# Confused on Pepper Mill Directions



## BarbS (Jan 31, 2013)

I'd appreciate a little help. My PSI instructions on a 10" pm kit say "the mechanism is 8-1/4" long" and the one provided is a 10" drive shaft. I have a 3"x12" blank, and want to cut it for a head and base. Directions call for the head blank to be 2-3/4" long, which leaves less than 10" for the body. But if I count the 1/2" drilled hole at the bottom to accommodate the 'grinder retainer,' and consider the 1/2" deep tenon on the head piece, shouldn't I just plan the body length to accommodate the 10" shaft, allowing 1/2" above the top to screw on the grind knob? Seems to me that would be a body blank length of 8-1/2" with a 2" head above the cut line? Or is that original "8-1/4" quote referring to the body blank length?


----------



## Kevin (Jan 31, 2013)

Barb, the instructions for every PM mechanism I have every used are for what I consider people who have never even turned a screwdriver.

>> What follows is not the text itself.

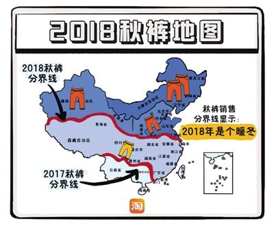 记者获悉,截至11月30日,淘宝上的秋裤成交订单所组成的分界线格外引人瞩目,几乎沿着长江横贯大中国。也就是说,一条“2018秋裤分割线”把中国的冬天“一劈两半”。

My advice to every turner who is turning their first PM ( and I don't know if this is your first) is to use a blank that doesn't matter. Because all it takes is one PM to really "get it" no matter what PM mech you buy. And since you can reuse the PM mech after your practice run you haven't lost it. 

I could spend a lot of words trying to answer your specific questions and probably should, but IMHO the best advice I can give you is to spin one or two waste blanks and I assure you, as bright as you are the light bulb will come on a lot faster than reading someone elses interpretation of those horrible instructions we all have to deal with the first time or two. 

JMO


----------



## TimR (Jan 31, 2013)

BarbS said:


> I'd appreciate a little help. My PSI instructions on a 10" pm kit say "the mechanism is 8-1/4" long" and the one provided is a 10" drive shaft. I have a 3"x12" blank, and want to cut it for a head and base. Directions call for the head blank to be 2-3/4" long, which leaves less than 10" for the body. But if I count the 1/2" drilled hole at the bottom to accommodate the 'grinder retainer,' and consider the 1/2" deep tenon on the head piece, shouldn't I just plan the body length to accommodate the 10" shaft, allowing 1/2" above the top to screw on the grind knob? Seems to me that would be a body blank length of 8-1/2" with a 2" head above the cut line? Or is that original "8-1/4" quote referring to the body blank length?


Barb, I was typing as Kevin got his reply to you...it's a good one to practice on something first that doesn't matter.

Barb, without digging too deeply into the instructions you received, try looking at the instructions on their site for that mill. It is pretty clear in that the 8-1/4 is the base blank rough size, but they also give a little different top size.

I've never liked these instructions to determine lengths, and prefer to assemble my hardware, with knob threaded on about halfway, and then determine what the distance between the top of the mill and mounting face at bottom should be. Then I determine what I want my head and base pieces to look like by drawing out full scale on graph paper. 
I've bought similar kits from differ sources and they vary a little on length, and you definitely want some play in the threads left to allow tightening fo finer grinds.


----------



## BarbS (Jan 31, 2013)

Thanks to both of you. I was just thinking, when I gave up on the directions, I'd better do a prototype and figure it out. That's what I'll do. And yes, Kevin, it's my first attempt! I have a mallet to do first, but will get to it soon.


----------



## DKMD (Jan 31, 2013)

I think this is the same mill... Different name, different supplier, but same kit. Not sure if these instructions are any better but probably worth a shot:

http://www.woodturnerscatalog.com/docs/artisan_mills.pdf

BTW, the 1/2" tenon on the upper portion is a great place to use a separate piece of wood... Helps the grain match up better.


----------



## BarbS (Jan 31, 2013)

It does look like the same kit, though those directions are written much the same. 
Thanks, though. I'll print those out and have both sets when I get started. 
Good tip on filling in with the 1/2" tenon to match up grain pattern. Thanks!


----------